Core post-market obligations
| Obligation | Governing standard | Who is responsible |
|---|---|---|
| Technovigilance system | NOM-240-SSA1-2012 | MRH (primary), distributors, facilities |
| Adverse event reporting | NOM-240-SSA1-2012 | MRH → CNFV |
| FSCAs and recalls | NOM-240 / COFEPRIS guidance | MRH + manufacturer |
| GMP compliance | NOM-241-SSA1-2025 | Manufacturer |
| Labelling compliance | NOM-137-SSA1-2008 | MRH / manufacturer |
| Registration renewal | Reglamento de Insumos | MRH |
| Distribution records | NOM-241-SSA1-2025 | MRH + distributors |
Technovigilance — Mexico's PMS system
Technovigilance (tecnovigilancia) is Mexico's post-market surveillance system for medical devices. It is mandatory for all registration holders and is overseen by CNFV (Centro Nacional de Farmacovigilancia), a division within COFEPRIS.

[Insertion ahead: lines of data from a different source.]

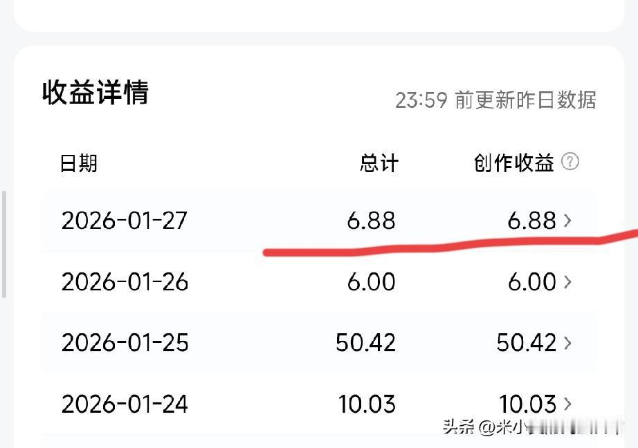 头条收益出来了,吓我一跳 今天的收益条差点让我原地破防!昨天吭哧吭哧写了4篇微头条,阅读量3.7万,本以为能小赚一笔,结果一看收益——6.88元! 这单价跌得比坐过山车还猛,前几天还有过单日50块的高光时刻,现在直接被打回原形。看着收益曲线像坐滑梯,说不失落是假的。 但在头条摸爬滚打这么久,我也算明白了:这行拼的就是心态。有爆款起飞的狂喜,就有数据扑街的落寞。与其纠结那几毛几分,不如把它当成一场修行。毕竟,能把文字变成真金白银,本身就已经赢过很多人了。
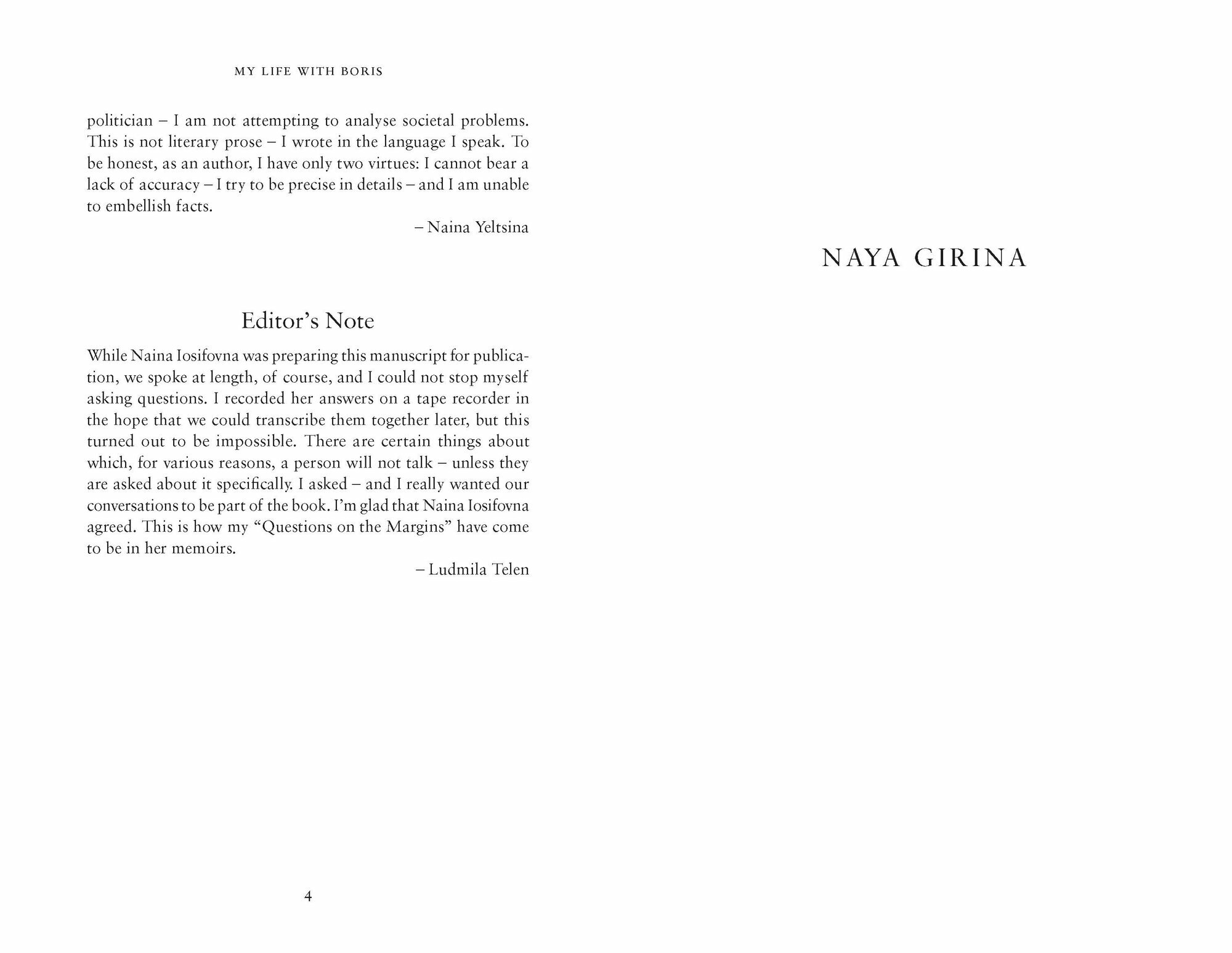In this poignant memoir, Naina Yeltsina, the wife of the first president of Russia, recounts the compelling story of her life, from her earliest childhood memories and the time when she met and became engaged to Boris Yeltsin, her companion of over fifty years, to the birth of her daughters and her experiences as First Lady of Russia.
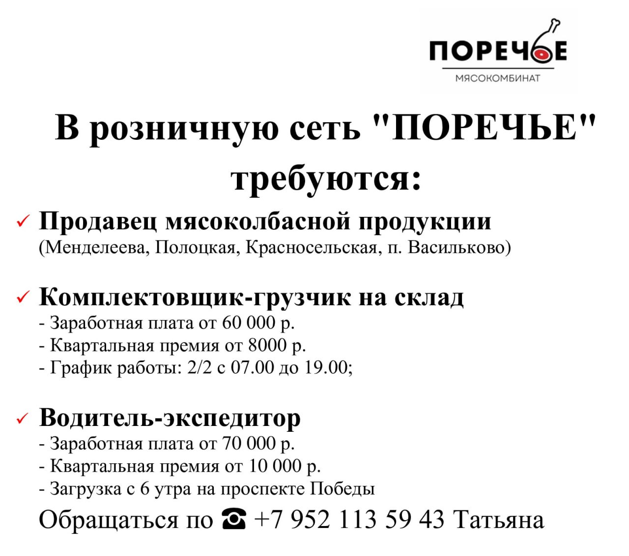По поводу вакансии обращаться по тел. 89003483114

A well-functioning technovigilance system is not just a compliance requirement — it is essential for maintaining your sanitary registration at renewal.
See Technovigilance overview for full detail.
Registration renewal
Sanitary registrations are valid for 5 years. Renewal must be applied for through DIGIPRiS before expiry, with a comprehensive technovigilance report covering the prior 5-year period. From January 2026, subsequent renewals may be granted for up to 10 years.